SUPPLIED ENTRIES START
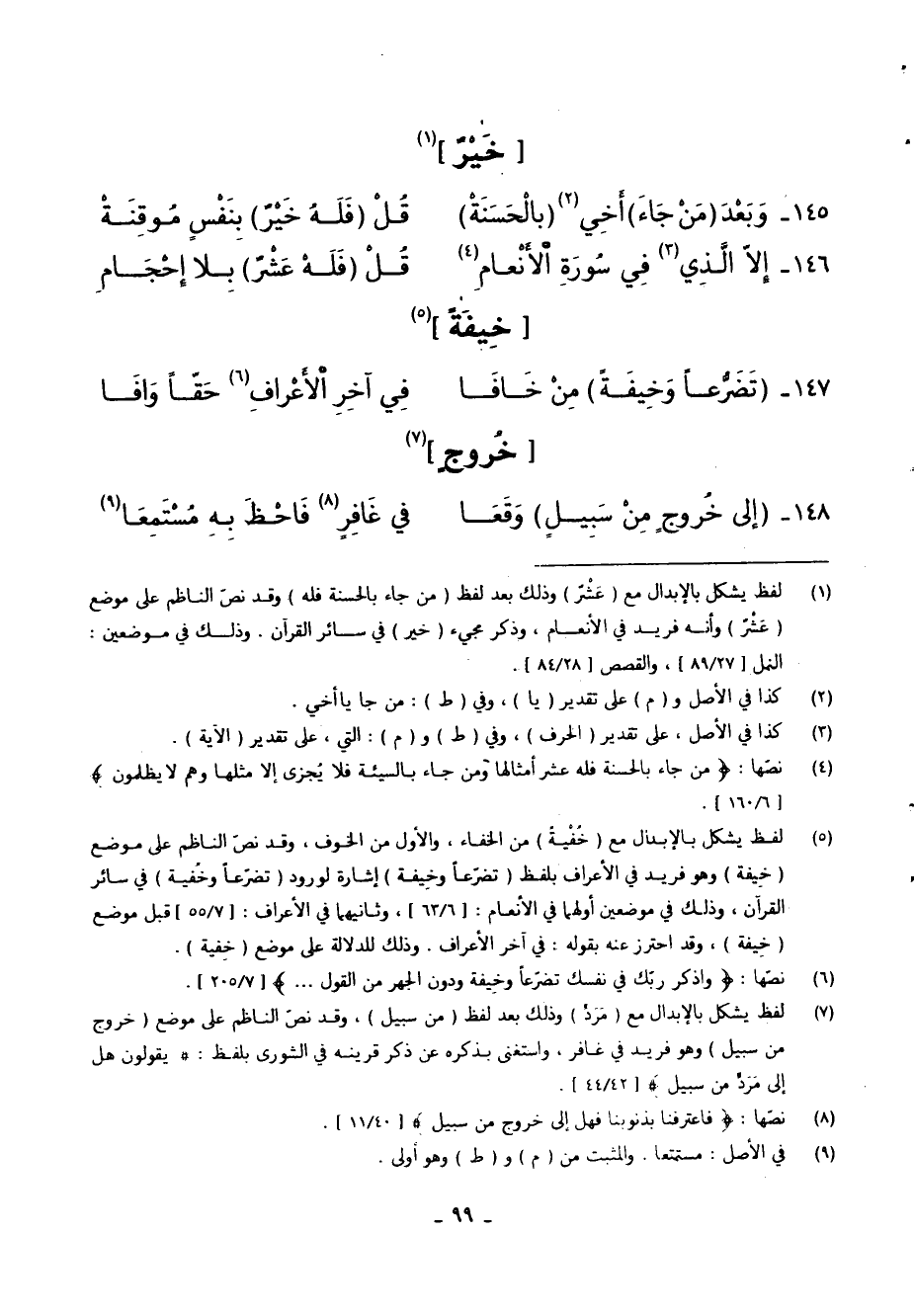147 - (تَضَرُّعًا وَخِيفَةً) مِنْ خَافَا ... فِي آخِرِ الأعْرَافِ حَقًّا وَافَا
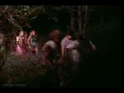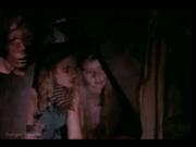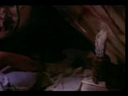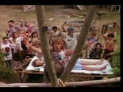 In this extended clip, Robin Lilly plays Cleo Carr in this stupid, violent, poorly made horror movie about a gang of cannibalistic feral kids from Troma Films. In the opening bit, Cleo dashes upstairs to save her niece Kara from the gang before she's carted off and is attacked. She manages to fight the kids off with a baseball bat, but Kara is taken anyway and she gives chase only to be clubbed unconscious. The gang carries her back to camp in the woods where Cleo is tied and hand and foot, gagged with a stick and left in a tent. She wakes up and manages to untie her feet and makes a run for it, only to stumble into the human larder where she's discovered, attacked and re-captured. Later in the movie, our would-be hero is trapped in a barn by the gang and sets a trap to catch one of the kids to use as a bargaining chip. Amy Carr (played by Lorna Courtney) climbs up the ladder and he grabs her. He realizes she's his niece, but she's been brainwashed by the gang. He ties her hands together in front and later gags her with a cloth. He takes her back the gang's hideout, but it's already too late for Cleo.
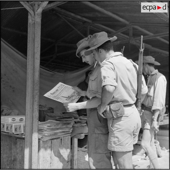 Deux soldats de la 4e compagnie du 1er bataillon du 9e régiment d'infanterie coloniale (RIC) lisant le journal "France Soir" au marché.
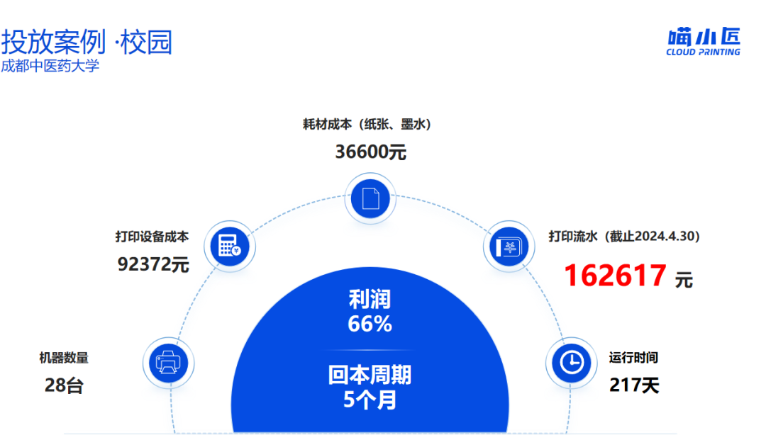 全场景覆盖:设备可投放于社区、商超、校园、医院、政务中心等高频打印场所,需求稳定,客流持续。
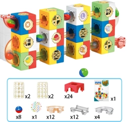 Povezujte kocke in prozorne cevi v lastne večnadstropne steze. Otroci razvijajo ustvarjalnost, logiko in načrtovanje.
SUPPLIED ENTRIES END
Print the data above exactly, from its first line to the line bearing "全场景覆盖:设备可投放于社区" inclusive, and keep pictures out of the result.

147 - (تَضَرُّعًا وَخِيفَةً) مِنْ خَافَا ... فِي آخِرِ الأعْرَافِ حَقًّا وَافَا
 In this extended clip, Robin Lilly plays Cleo Carr in this stupid, violent, poorly made horror movie about a gang of cannibalistic feral kids from Troma Films. In the opening bit, Cleo dashes upstairs to save her niece Kara from the gang before she's carted off and is attacked. She manages to fight the kids off with a baseball bat, but Kara is taken anyway and she gives chase only to be clubbed unconscious. The gang carries her back to camp in the woods where Cleo is tied and hand and foot, gagged with a stick and left in a tent. She wakes up and manages to untie her feet and makes a run for it, only to stumble into the human larder where she's discovered, attacked and re-captured. Later in the movie, our would-be hero is trapped in a barn by the gang and sets a trap to catch one of the kids to use as a bargaining chip. Amy Carr (played by Lorna Courtney) climbs up the ladder and he grabs her. He realizes she's his niece, but she's been brainwashed by the gang. He ties her hands together in front and later gags her with a cloth. He takes her back the gang's hideout, but it's already too late for Cleo.
 Deux soldats de la 4e compagnie du 1er bataillon du 9e régiment d'infanterie coloniale (RIC) lisant le journal "France Soir" au marché.
 全场景覆盖:设备可投放于社区、商超、校园、医院、政务中心等高频打印场所,需求稳定,客流持续。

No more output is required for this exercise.